ABOUT THIS EXERCISE: In the entries below, find the line with "カバー+本体(使用時):幅約66.9×奥行約37.3×高さ約40.4 伸縮竿:長さ約163~255 ●製品質量" and the line with "表1 煤質(zhì)分析"; copy them and every line between them exactly, but not the pictures.

DATA EXTRACTS:
● ● ● ●

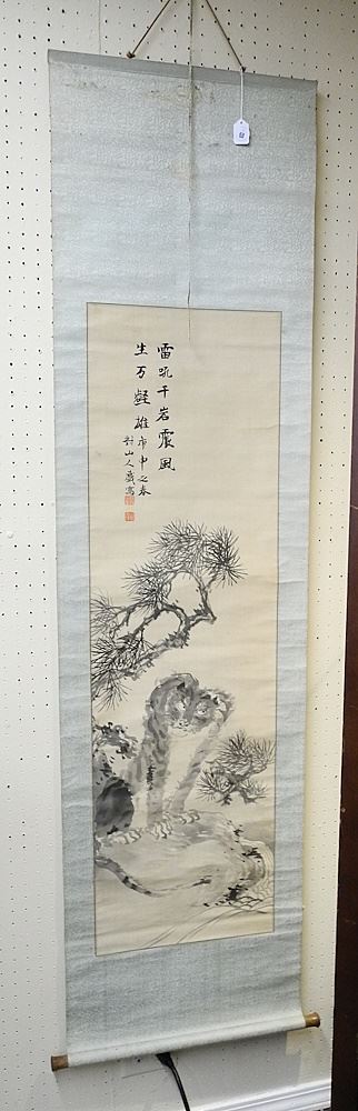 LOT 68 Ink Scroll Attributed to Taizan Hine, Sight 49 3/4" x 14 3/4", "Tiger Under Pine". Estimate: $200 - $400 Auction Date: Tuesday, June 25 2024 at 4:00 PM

● ● ● ●

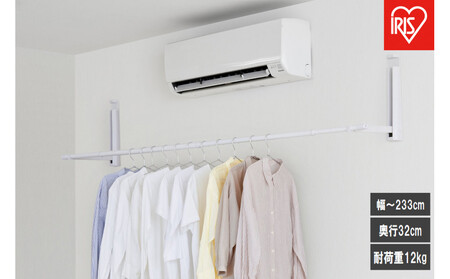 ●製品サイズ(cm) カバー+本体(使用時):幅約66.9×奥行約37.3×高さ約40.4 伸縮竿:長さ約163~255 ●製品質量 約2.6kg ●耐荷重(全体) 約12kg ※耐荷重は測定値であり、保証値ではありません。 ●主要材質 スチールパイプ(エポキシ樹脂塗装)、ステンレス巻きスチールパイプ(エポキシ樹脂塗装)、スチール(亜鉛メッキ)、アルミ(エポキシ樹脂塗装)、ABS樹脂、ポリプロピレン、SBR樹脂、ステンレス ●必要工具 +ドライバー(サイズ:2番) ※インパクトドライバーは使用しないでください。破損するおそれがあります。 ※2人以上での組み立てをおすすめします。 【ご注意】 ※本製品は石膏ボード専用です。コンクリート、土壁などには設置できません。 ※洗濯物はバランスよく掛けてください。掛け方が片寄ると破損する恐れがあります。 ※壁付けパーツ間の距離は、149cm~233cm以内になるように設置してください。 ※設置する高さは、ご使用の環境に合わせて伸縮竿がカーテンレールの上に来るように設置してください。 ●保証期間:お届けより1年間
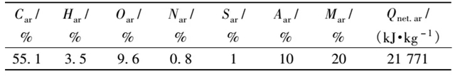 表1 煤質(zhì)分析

● ● ● ●

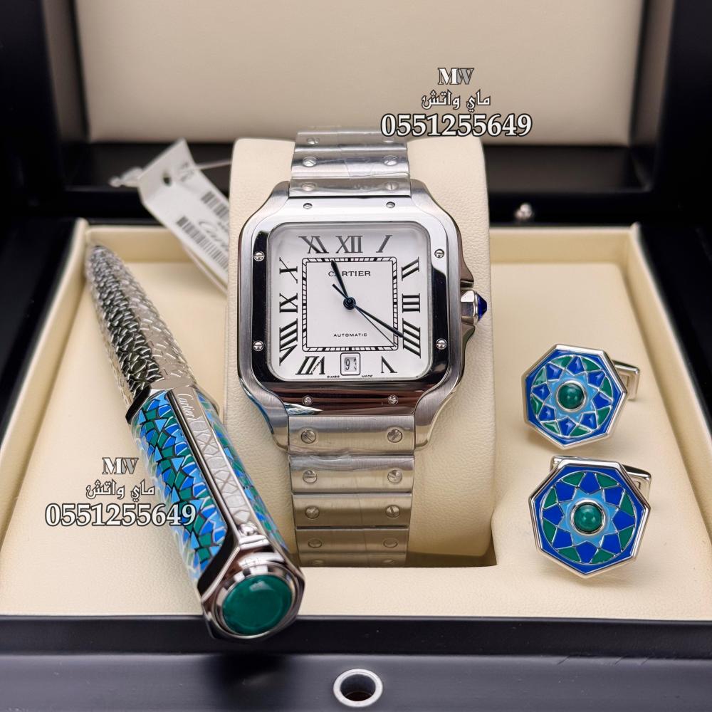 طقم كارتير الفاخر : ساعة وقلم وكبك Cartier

● ● ● ●

WRITTEN ANSWER:
 ●製品サイズ(cm) カバー+本体(使用時):幅約66.9×奥行約37.3×高さ約40.4 伸縮竿:長さ約163~255 ●製品質量 約2.6kg ●耐荷重(全体) 約12kg ※耐荷重は測定値であり、保証値ではありません。 ●主要材質 スチールパイプ(エポキシ樹脂塗装)、ステンレス巻きスチールパイプ(エポキシ樹脂塗装)、スチール(亜鉛メッキ)、アルミ(エポキシ樹脂塗装)、ABS樹脂、ポリプロピレン、SBR樹脂、ステンレス ●必要工具 +ドライバー(サイズ:2番) ※インパクトドライバーは使用しないでください。破損するおそれがあります。 ※2人以上での組み立てをおすすめします。 【ご注意】 ※本製品は石膏ボード専用です。コンクリート、土壁などには設置できません。 ※洗濯物はバランスよく掛けてください。掛け方が片寄ると破損する恐れがあります。 ※壁付けパーツ間の距離は、149cm~233cm以内になるように設置してください。 ※設置する高さは、ご使用の環境に合わせて伸縮竿がカーテンレールの上に来るように設置してください。 ●保証期間:お届けより1年間
 表1 煤質(zhì)分析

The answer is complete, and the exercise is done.